Concept
Agentic Workflow
A structured sequence of AI agent actions designed to complete a complex task - where the steps, tools, and decision points are defined in advance but the agent decides how to execute them.
Added May 18, 2026
The simplest use of an AI agent is a single turn: give it a task, it responds. But many real-world tasks require multiple steps, decisions based on intermediate results, iteration when something goes wrong, and access to different tools at different stages. An agentic workflow is the structure that organises these multi-step processes.
A workflow defines the high-level sequence of stages a task goes through and what kinds of actions are available at each stage. For a research workflow, the stages might be: gather sources, read and extract key information, synthesise findings, draft a report, review and revise. For a coding workflow: understand the requirement, design the solution, write the code, run tests, fix bugs, document. The workflow is the scaffolding; the agent fills in the specifics.
The distinction between agentic workflows and traditional software workflows is flexibility. A traditional workflow has rigid steps with predefined transitions. An agentic workflow allows the AI to make judgement calls at each step: how many sources to gather, which ones are worth reading fully, when the synthesis is complete enough, how to handle contradictory information. The workflow provides structure; the agent provides intelligence.
Reliable agentic workflows require careful design of checkpoints and error handling. Tasks that involve irreversible actions - sending emails, making purchases, deleting files - need human confirmation gates before execution. Long workflows need state persistence so they can be resumed if the session ends. Parallel branches need synchronisation points where outputs are collected and reconciled.
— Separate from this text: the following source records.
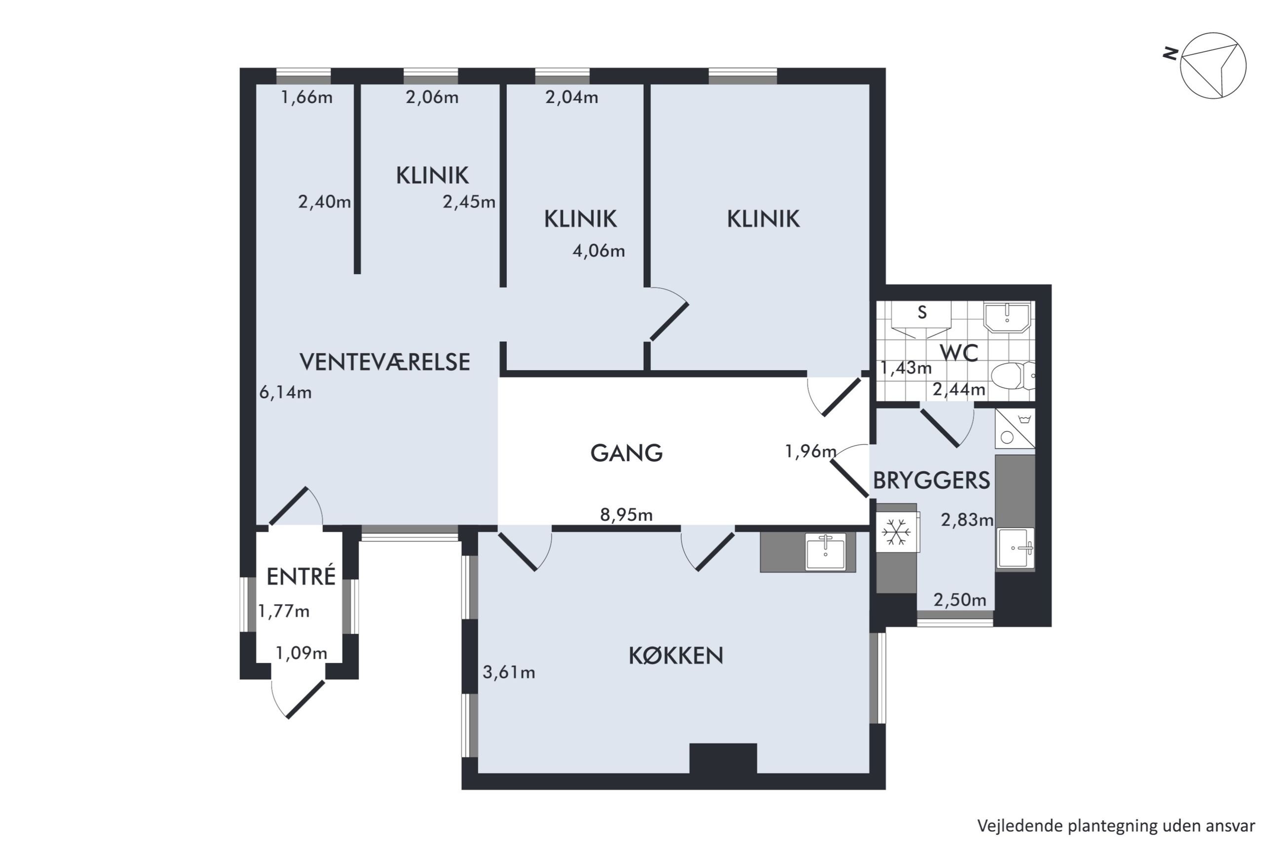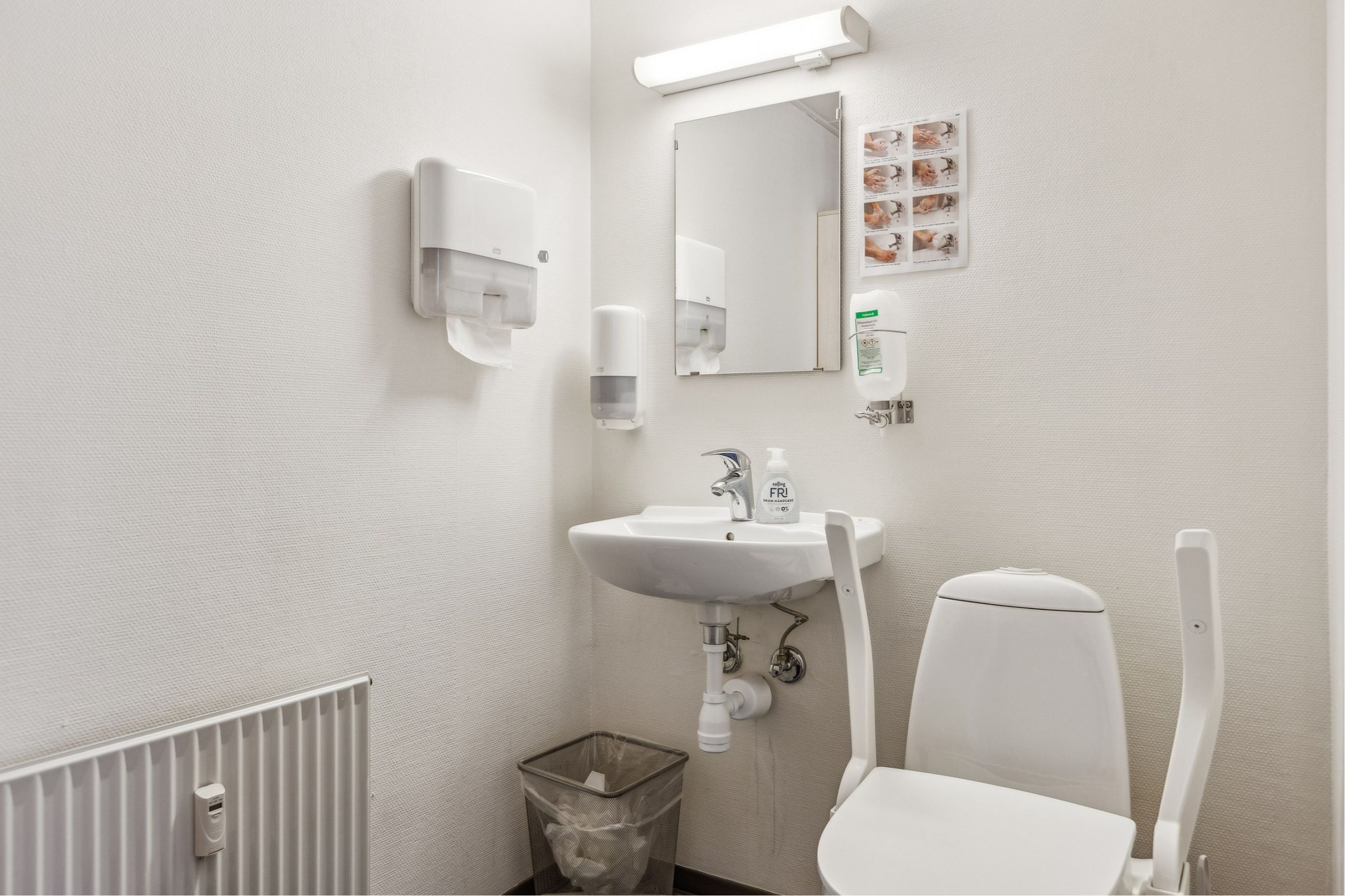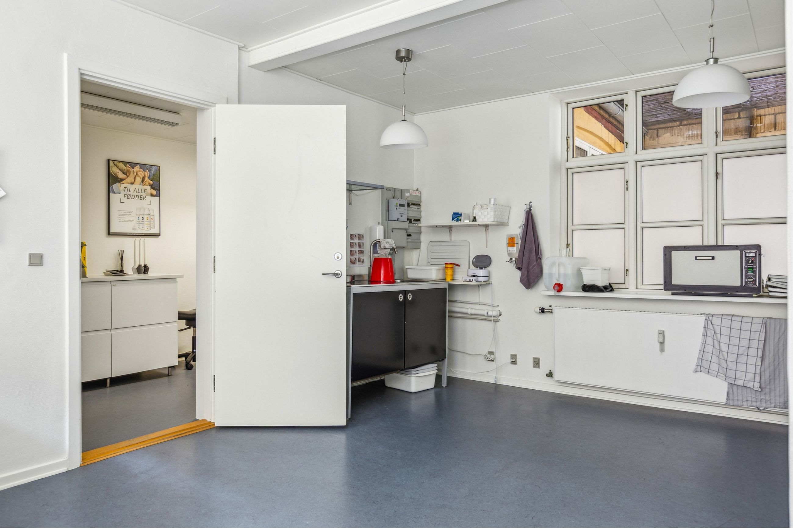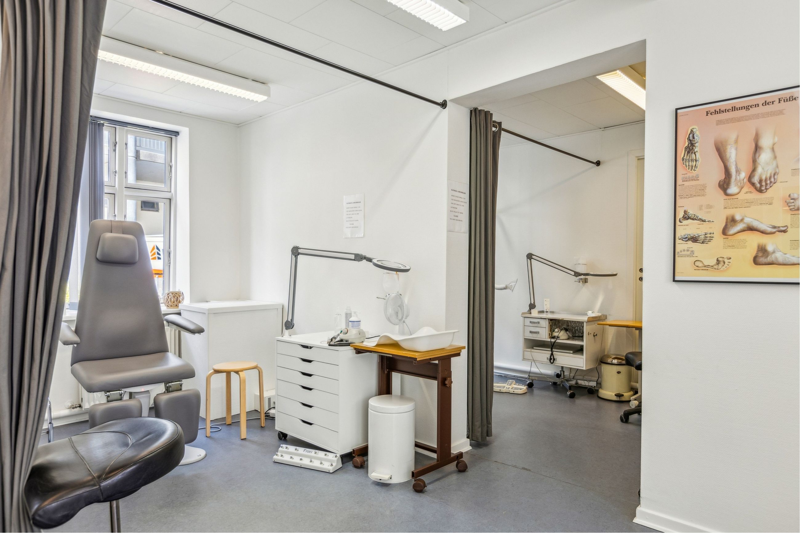 Lokalerne fremstår fine, og er bestående af et opdelt behandlerrum, spisestue, køkken, ekstra behandlerrum og toilet.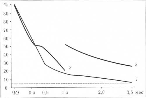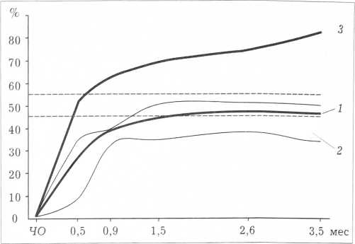 Рис. 3. Динамика асимметрии опорности нижних конечностей при стоянии (1) и ходьбе с помощью костылей (2) и без костылей (3). Пунктиром указана граница функциональной асимметрии. По оси абсцисс — продолжительность периода фиксации (в мес), ЧО — чрескостный остеосинтез; по оси ординат — асимметрия опорности нижних конечностей (в %).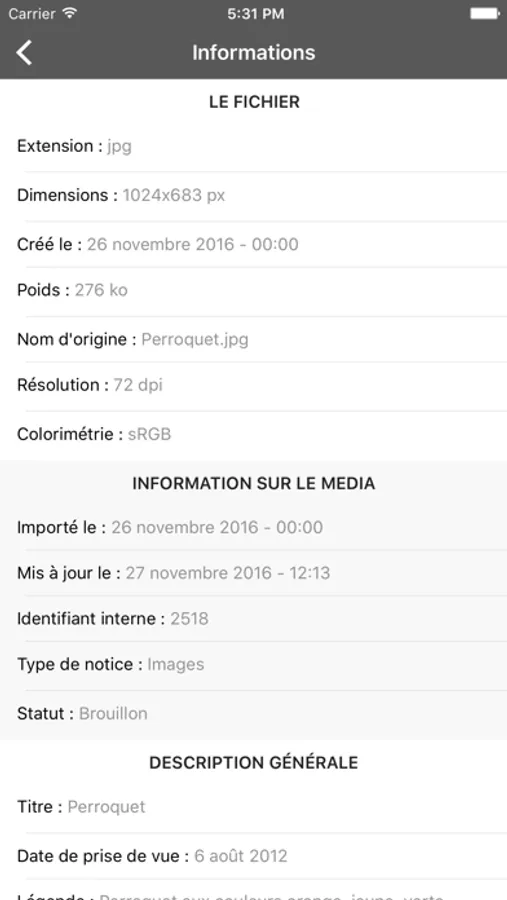 Grâce au mode détail, vous retrouvez toutes les informations concernant le média. Vous passez d'un contenu à l'autre par simple balayage des doigts sur l’aperçu.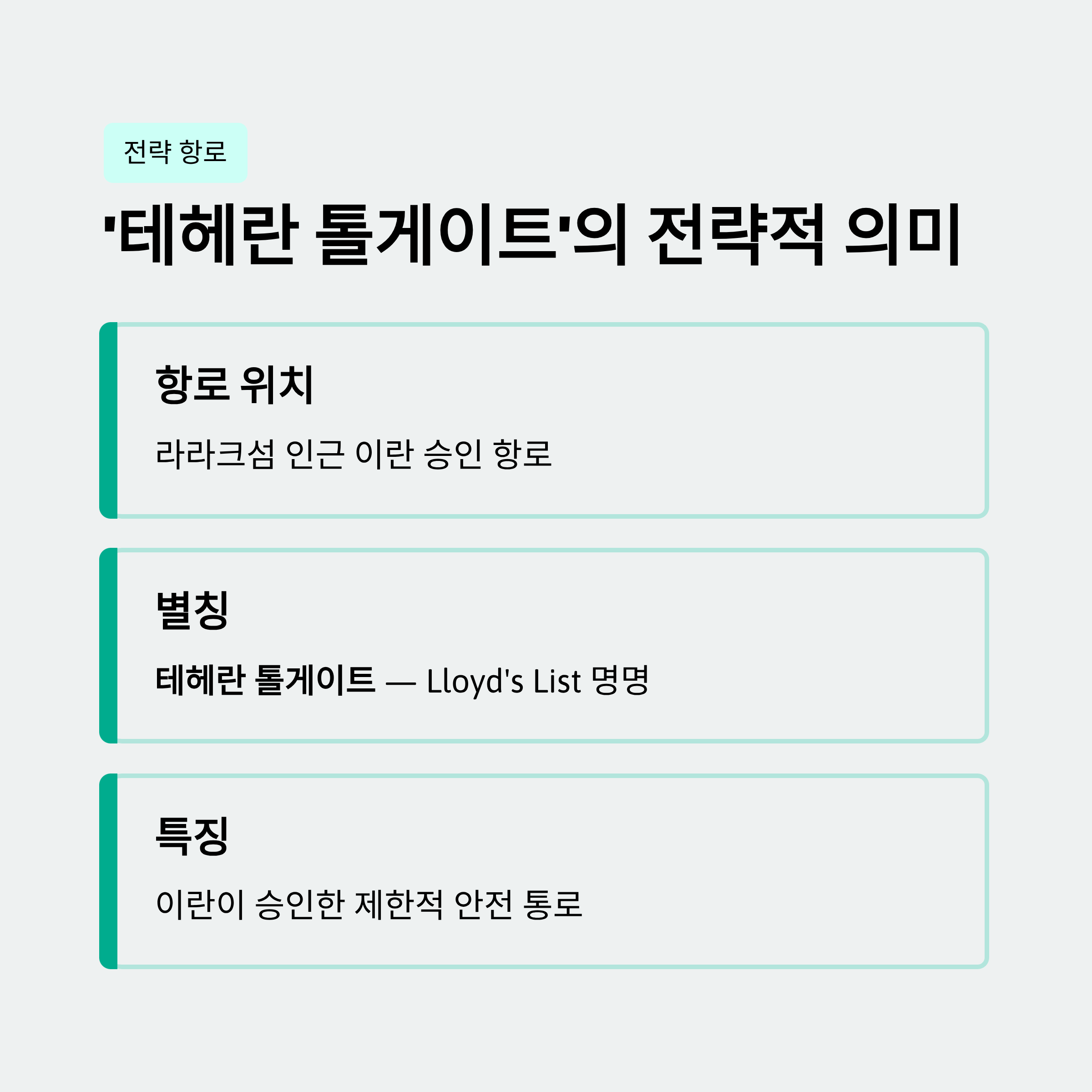 이란 승인 항로 ‘테헤란 톨게이트’의 의미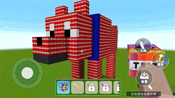 可以自由放置炸药,摧毁建筑物、石头和地形等。

Dag-based (directed acyclic graph) workflow frameworks like LangGraph allow developers to define complex multi-step agentic workflows graphically, specifying the flow of information between steps and the conditions under which different paths are taken. These frameworks make it easier to build, test, and debug complex agentic behaviour than trying to manage the full state machine in prompt logic.
Analogy
A surgical procedure workflow in medicine. The sequence of steps is defined by the procedure type, but the surgeon makes real-time judgements about how to execute each step based on what they find. The workflow constrains and guides; the surgeon decides how to adapt. Agentic workflows apply this same structure-with-intelligence approach to AI tasks.
Real-world example
Sales development teams at software companies have deployed agentic workflows for prospect research: an agent receives a company name, automatically searches for recent news and company information, cross-references with the company's LinkedIn presence, extracts the relevant decision-makers, drafts a personalised outreach email, and queues it for human review. The workflow is defined; the agent handles the variable specifics of each company.
Why it matters
Agentic workflows are how AI moves from augmenting individual decisions to automating entire processes. The ability to string together multiple AI steps, each dependent on previous results, with error handling and human oversight at the right points, is what makes AI applicable to real business processes rather than just single-turn question answering.